3. How does the claim process work?

This part depends on what your insurer has implemented and what you’re claiming.

For your prescription drugs or dental care, you simply present your insurance card to the healthcare professionals. Then you only pay for the balance that is not covered.

With many insurers, you can make a claim online for treatments provided by healthcare professionals or medical supplies. In this case, you would likely be reimbursed much sooner.

With Beneva, it takes 48 hours (depending on the type of treatment) if you’ve signed up for direct deposit.

You prefer the good old-fashioned method? Then simply fill out a form and mail it to your insurer.

4. What's not covered by group insurance?

It all depends on your insurance contract! Some treatments and drugs are not covered under your group plan.

A few examples
  • You can claim up to $1,000 for acupuncture treatments per year.
  • Dental care is not covered by your group insurance.
  • Your disability insurance covers you, but not your spouse.

To find out about exclusions and limitations, check your contract or the booklet provided by your employer.

You can also visit the Client Centre. Do a mock claim to estimate the amount you would be reimbursed.

One thing’s for certain, your employer and you are both responsible for knowing what’s covered by your group plan.

5. Are other benefits included?

Sometimes, group insurance plans offer a bit more than healthcare benefits.

In our case, we add a few perks you might find very interesting:

  • Discounts on physical activities
  • Preventive reading
  • Health games-questionnaires
  • Online tool to improve the quality of your sleep, step by step
  • Online physical activity courses

All kinds to improve your health and wellness!

6. Can I do business with any healthcare professional?

You can indeed.

However, some of them are not covered by your insurance. What does that mean? It simply means you won’t be reimbursed for those claims!

Before you pay for medical treatment or supplies, be sure to check out our list of excluded professionals on the Client Centre.

7. What types of coverage are available?

When you enrol for group insurance, you must indicate who among your loved ones will be covered under the contract.

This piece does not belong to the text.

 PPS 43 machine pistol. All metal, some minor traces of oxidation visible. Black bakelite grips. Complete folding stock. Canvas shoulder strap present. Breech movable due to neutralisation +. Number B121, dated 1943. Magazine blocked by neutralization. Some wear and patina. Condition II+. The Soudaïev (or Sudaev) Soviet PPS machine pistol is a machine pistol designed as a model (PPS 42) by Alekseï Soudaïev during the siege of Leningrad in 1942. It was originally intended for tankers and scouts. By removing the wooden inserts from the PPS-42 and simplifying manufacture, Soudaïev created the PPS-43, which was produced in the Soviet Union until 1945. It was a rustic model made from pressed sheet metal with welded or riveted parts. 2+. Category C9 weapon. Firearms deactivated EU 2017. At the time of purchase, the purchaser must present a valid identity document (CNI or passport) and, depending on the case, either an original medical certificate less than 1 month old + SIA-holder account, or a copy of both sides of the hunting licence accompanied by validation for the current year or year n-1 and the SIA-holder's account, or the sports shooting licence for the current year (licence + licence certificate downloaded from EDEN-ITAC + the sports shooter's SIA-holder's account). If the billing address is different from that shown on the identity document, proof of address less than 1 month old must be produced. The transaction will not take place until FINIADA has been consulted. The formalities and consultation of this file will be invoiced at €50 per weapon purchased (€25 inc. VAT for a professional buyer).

There are many options based on your marital status:

  • Individual (covers you only)
  • Couple (covers your spouse and you)
  • Single-parent (covers your children and you)
  • Family (covers your spouse, children and you, regardless of the number)

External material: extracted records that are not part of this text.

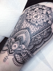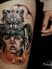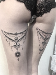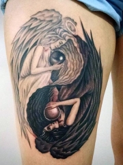 大腿卡通童话彩绘爱丽丝奇幻之旅纹身
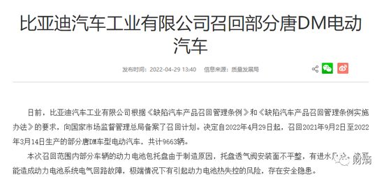 面对多起自燃事故,比亚迪向国家市场监督管理总局备案了召回计划,决定自2022年4月29日起,召回2021年9月2日至2022年3月14日生产的部分唐DM车型电动汽车,共计9663辆。
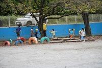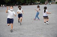 業間休みは広い校庭で元気いっぱいに遊びます。ただし遊具やボールの使用はできません。
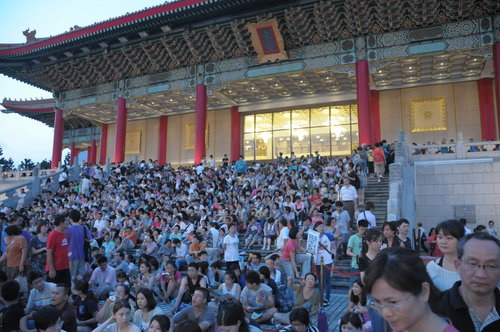 熟悉的我們,停好車.吃完晚餐,幽雅的進場~哇!光音樂廳階梯的人潮,

8. Who can I contact for assistance?

It depends on your insurer.

You can sometimes ask the person specifically designated to handle your group insurance plan. It can be a member of your company’s human resources department.

In other cases, you can contact your insurer directly.

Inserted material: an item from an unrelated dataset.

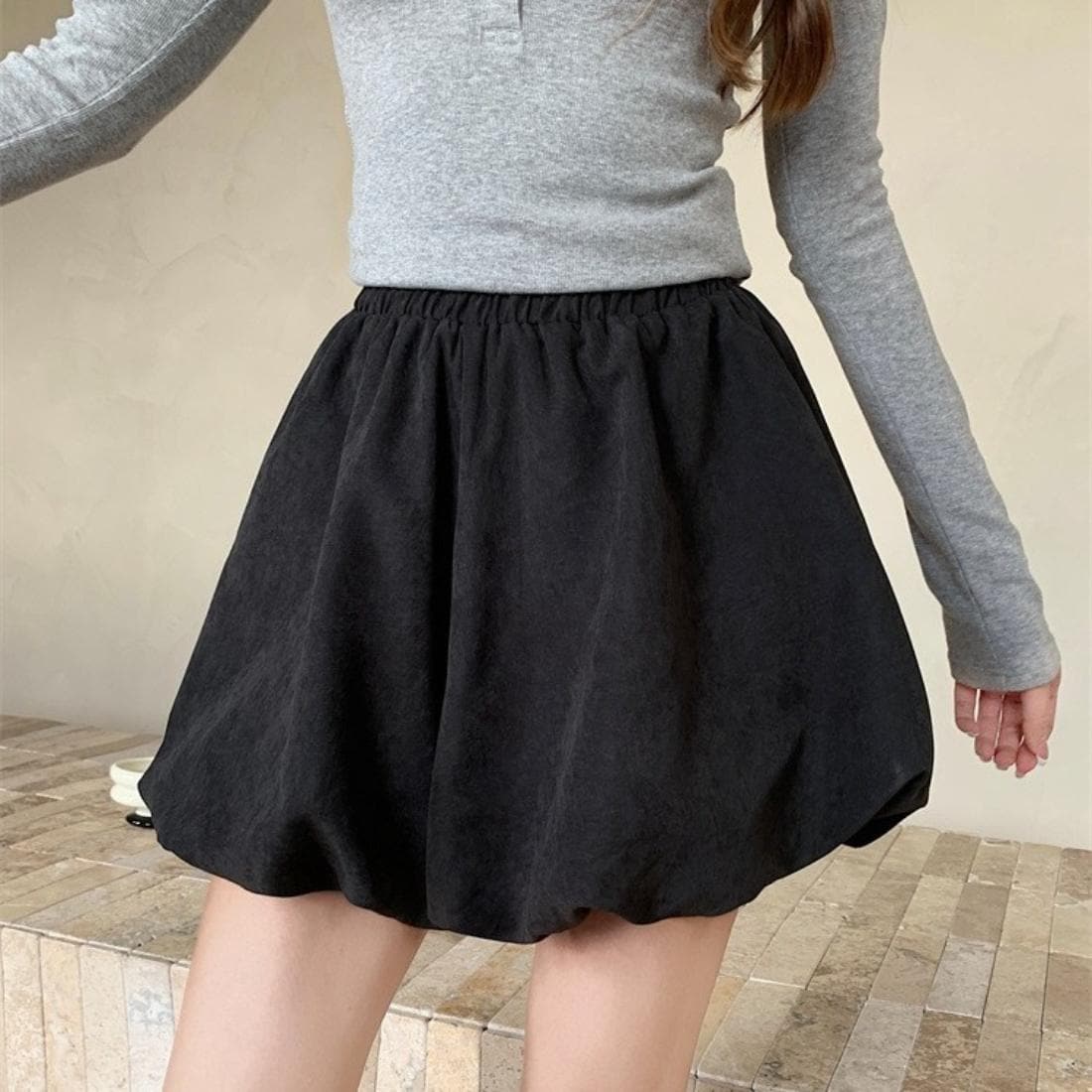 ミニスカート バルーンスカート グレー

9. How do I add or withdraw people from my insurance coverage?

All group insurance plans allow you to change your file based on major life events:

  • Cohabitation
  • Marriage
  • Birth
  • Separation or divorce
  • etc.

You can make changes when the event occurs. No need to wait!

To learn how, contact your insurance plan’s resource person.

10. And if I change employers?

Then your group insurance plan benefits terminate.

Unless your insurer knows in advance and can plan for it. Some insurers allow you to convert your group plan into individual coverage.

That’s reassuring to know, with the freedom to change jobs whenever you feel like it.